They tell you not to POAS….But seriously……
3DP5DT I POAS and nada….
They tell you not to POAS….But seriously……
3DP5DT I POAS and nada….
Just a quick update:
So after a couple months of set backs we are finally a go for our FET! Feels like that took forever!
If there is one thing fertility treatments will teach you it is patience……..Patience and how to be a lunatic…….
We were hoping February would be our month…..Finally….We have been waiting since our cancelled cycle in December but alas it wasn’t meant to be this month……again
Dr. S (our RE) was dead set he wanted me to do a HSG Test (he wanted to make sure there was no fluid leaking from my tubes as this could have caused my December miscarriage) and since you can’t do this test in the same cycle as a FET our hands were tied…..and so we wait.

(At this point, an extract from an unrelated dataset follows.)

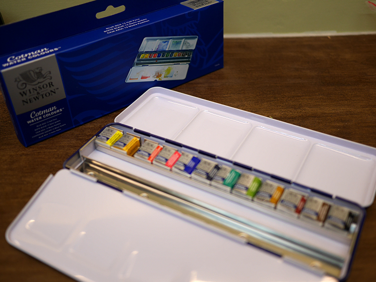 707Winsor Blue (Green Shade) • 503Permanent Sap Green • 744Yellow Ochre • 552Raw Sienna • 074Burnt Sienna • 150Chinese White • 331Ivory Black.
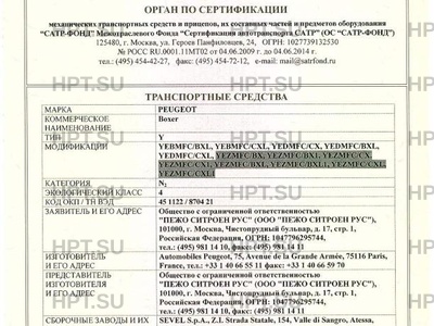 | Заявитель | Общество с ограниченной ответственностью 1 «ПЕЖО СИТРОЕН РУС» (ООО «ПЕЖО СИТРОЕН РУС»), ; 101000, (. Москва, Чистопрудный бульвар, д. 17, стр. 1, 1 Российская Федерация, ОГРН: 1047796295744, тел,: (495) 981 14 10, факс: (495) 981 14 11 |

I am sorry to leave off my last post where I did……
Sooooo……After the positive HPT…….
I almost passed out…..WTF WTF WTF……..How did this happen??
Well I know HOW it happened, I just couldn’t believe that some how it did!

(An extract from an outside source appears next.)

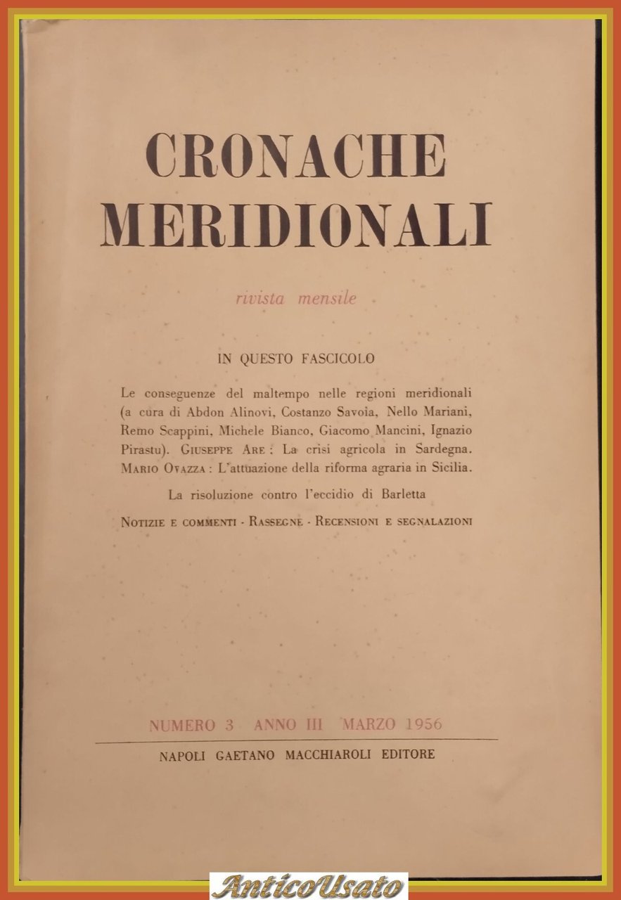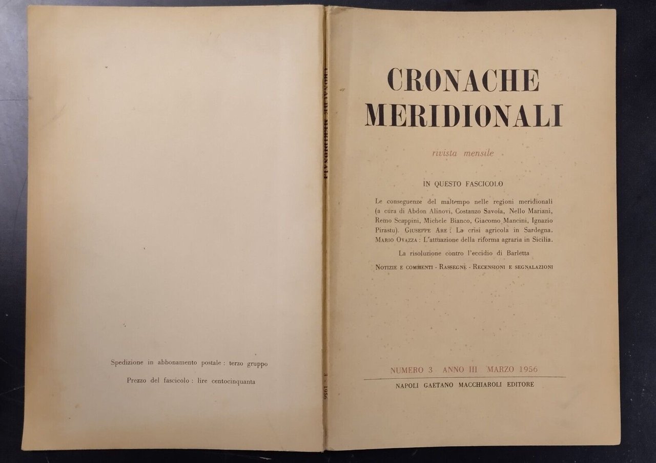 CRONACHE MERIDIONALI, RIVISTA MENSILE, Anno III numero 3. Contiene: le conseguenze del maltempo nelle regioni meridionali, la crisi agricola in Sardegna, l'attuazione della riforma agraria in Sicilia, La risoluzione contro l'eccidio di Barletta.

It was 7pm at night….too late to call the clinic…..I went downstairs and told Shane…..Best moment of my life…..The look of pure joy and love on his face was priceless…..he kept saying “are you sure?” “is this real?” We didn’t sleep much that night and I was up at 6am to drive to the clinic to get blood work done!

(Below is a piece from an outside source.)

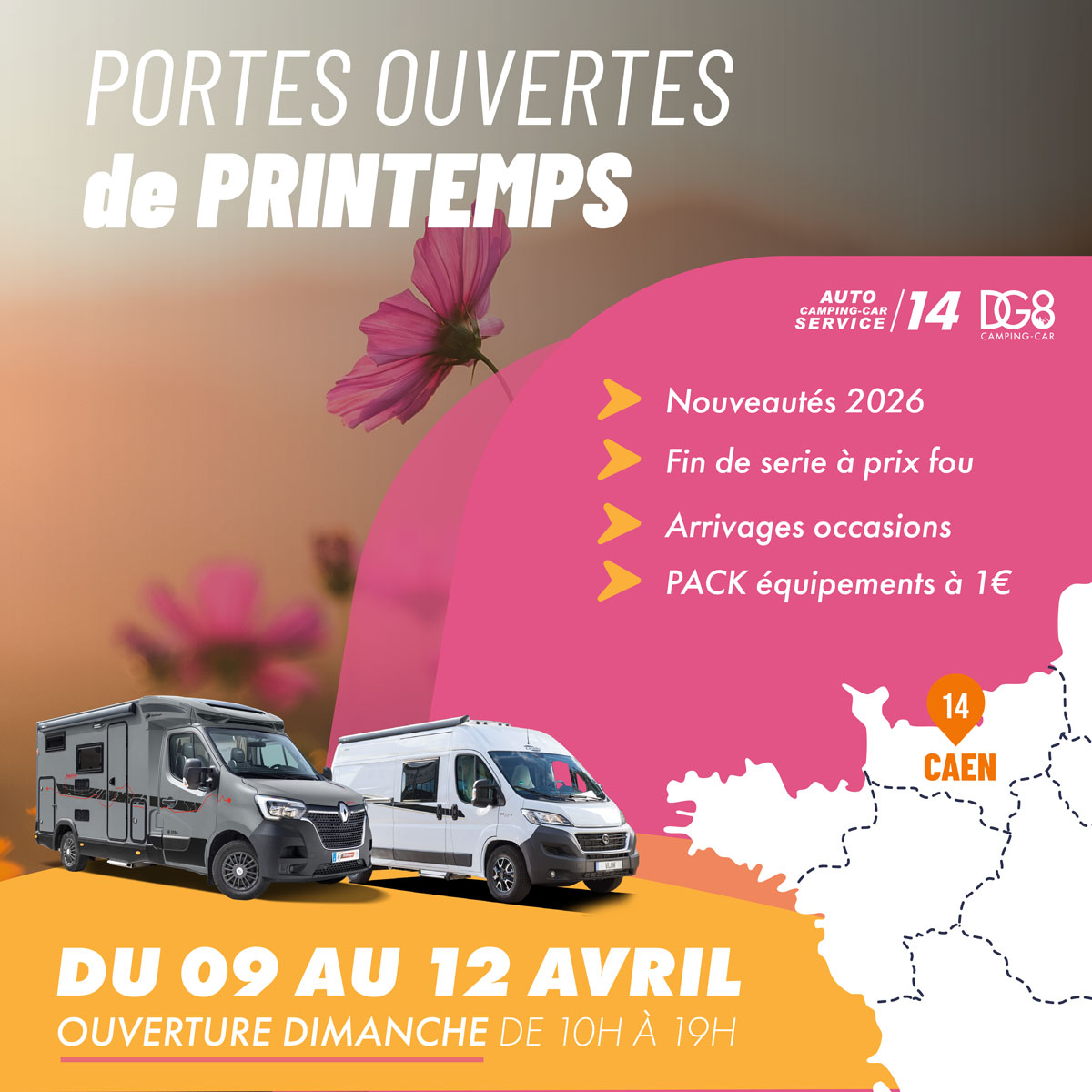 À cette occasion, l'équipe d'Auto Camping-car Service vous invite à vivre un moment privilégié lors de ses portes ouvertes de printemps, du 09 au 12 avril. Pendant 4 jours, profitez d’offres uniques et d’un large choix de véhicules adaptés à toutes vos envies d’évasion.

Later that day my Beta test came back at 948! It was a bit surreal…..I was still spotting but my Nurse said don’t worry about it unless it is a lot of bright red……I was told to come back in a few days for another Beta.
We were just through the roof, but still afraid to believe it……
My 2nd Beta came back at 400……We were told this wasn’t a viable pregnancy…..
Our joy was gone as fast as it came…..
And I thought the failed transfer felt bad….this was knock the wind out of you crushing…….2 days before Christmas. So now we had to wait for my HCG numbers to drop to zero before we could transfer again…..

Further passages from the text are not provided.